Connor: No, not an API, API’s a bad product. APIs get always driven down to, they get compete into the ground. No, like you want to do a SaaS product, like something that helps you with some business task. Something that like helps you do, make a process more efficient inside of a company or something like that.

Connor: There’s like tons of these things, which are just like not super exciting, but they’re like useful.

Michaël: Something closer to like what Adept.ai tries to do.

Connor: Yeah. And except not as insane, dangerous, but like much simpler than that. Something that can like.

Building SaaS Products

Connor: I don’t want to give too many examples yet because we’re currently pitching some stuff, but just like useful tools. SaaS tools that can be used for various business processes. Kind of like look at like other companies that are using GPT-3 currently for their products, stuff like that. Things that are really useful that really save companies money. That make process like. There’s a whole huge class of tasks that were previously inaccessible to automation tools that now become accessible through like GPT type models, that open up all these like really useful tools that can be used in just normal companies to like make things more efficient or whatever. And make a profitable company out of it. Have some millions of revenue and whatever without having to do any crazy capabilities, advancements without having to push some kind of crazy new thing out there or anything like that.

Connor: We don’t have to have the biggest model. We don’t have to have the craziest new capabilities breakthrough for these things to work. We just need like a good useful tool. And I think there’s a bunch of these and I think we can get great talent from the EA world for building these kinds of things. And then by investing however much of our of my time or investment or whatever, making these products, we will get a much higher return. So it’s a pretty utilitarian thing. It’s like I think that we can make a product cost us, I don’t know, 5 million to develop. And then we get like five million revenue out of that or 50 million of revenue out of that or whatever. And that’s a very obviously good thing to do.

Connor: It’s good to have contact with reality. It’s good to make your own money to also like for example, we’re having a huge market downturn now. And when I wish we had some recurring revenue right now that would make me feel a lot safer that we don’t run into trouble. Cause the crypto market’s super down now. So now all like the EA money is like much lower.

Michaël: Right.

Connor: So like would, if I had a reoccurring revenue right now of a few million a year, I would feel a lot better right now.

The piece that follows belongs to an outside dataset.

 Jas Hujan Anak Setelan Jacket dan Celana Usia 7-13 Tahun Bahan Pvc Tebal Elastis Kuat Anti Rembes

I would feel like a lot less scared that something might go down. So that’s kind of the thinking there.

Generating Revenue In The Capitalist World

Michaël: Right. But the thing you said about like being dependent on some, the funding of some rich billionaire, if you’re a nonprofit, I think you kind of have the same, or maybe worse, with a for profit where you’re like dependent on making revenue yourself or making profit for the investors. And I guess there’s like, there’s one point that could be made where for large models that you want to train, you might need billions in money, like maybe it’s impossible to like generate enough money to train GPT-4 by doing SaaS products, maybe because you know…

Connor: OpenAI did it.

Michaël: Well, weren’t them like funded by Sam Altman and Elon Musk at the beginning? And then now they’re just like cooperating with?

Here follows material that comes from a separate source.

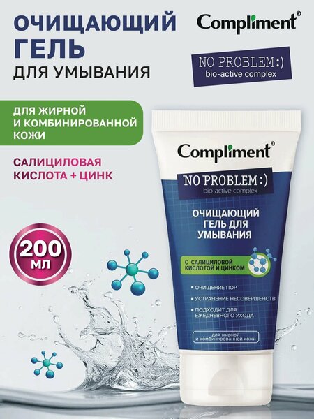 Гель для умывания, COMPLIMENT, Очищает кожу , освежает и делает кожу мягкой, удаляет черные точки и сужает поры ,200 мл

Connor: Most of the money came from Microsoft. Yes. Which is for profit. So I think you could raise much more money in the capitalist world than you can in the EA world. To be clear if the EA world just wants to fund us at a large level for like a consistent period of time. Absolutely fantastic. Great. Then maybe we don’t even have to do a product. If Sam Bankman-Fried drops a billion on my lap, I’ll be like, okay, screw product. We’re doing research, but I just don’t expect that to happen, which is understandable right? So I think it will cost a very, a very reasonable amount of effort. I have people on my team who are just like,” Hey, I love doing product”. And it cost me low energy. I’m like, okay, if you love doing product, you’re good at it.

Connor: It can generate us a lot of revenue. It doesn’t distract the researchers. Why not, right? I think this is a really positive feedback loop here. And I think there’s a lot that also like psychological benefits actually to this kind of stuff. A lot of people just feel good about like making real things and putting them into the world and making money and stuff like that. I think it shouldn’t be discounted that there’s like a lot of positive upsides to these kind of things going wrong. There’s also problems, there are incentives and there are things or whatever. And you have to be very aware of those and we are very, very aware of those and very wary of them. But sometimes you have to just try things, right? Yeah.

Michaël: There’s a bunch of incentive in like doing stuff in the real world that made your beliefs pay rent, as Yudkowsky would say.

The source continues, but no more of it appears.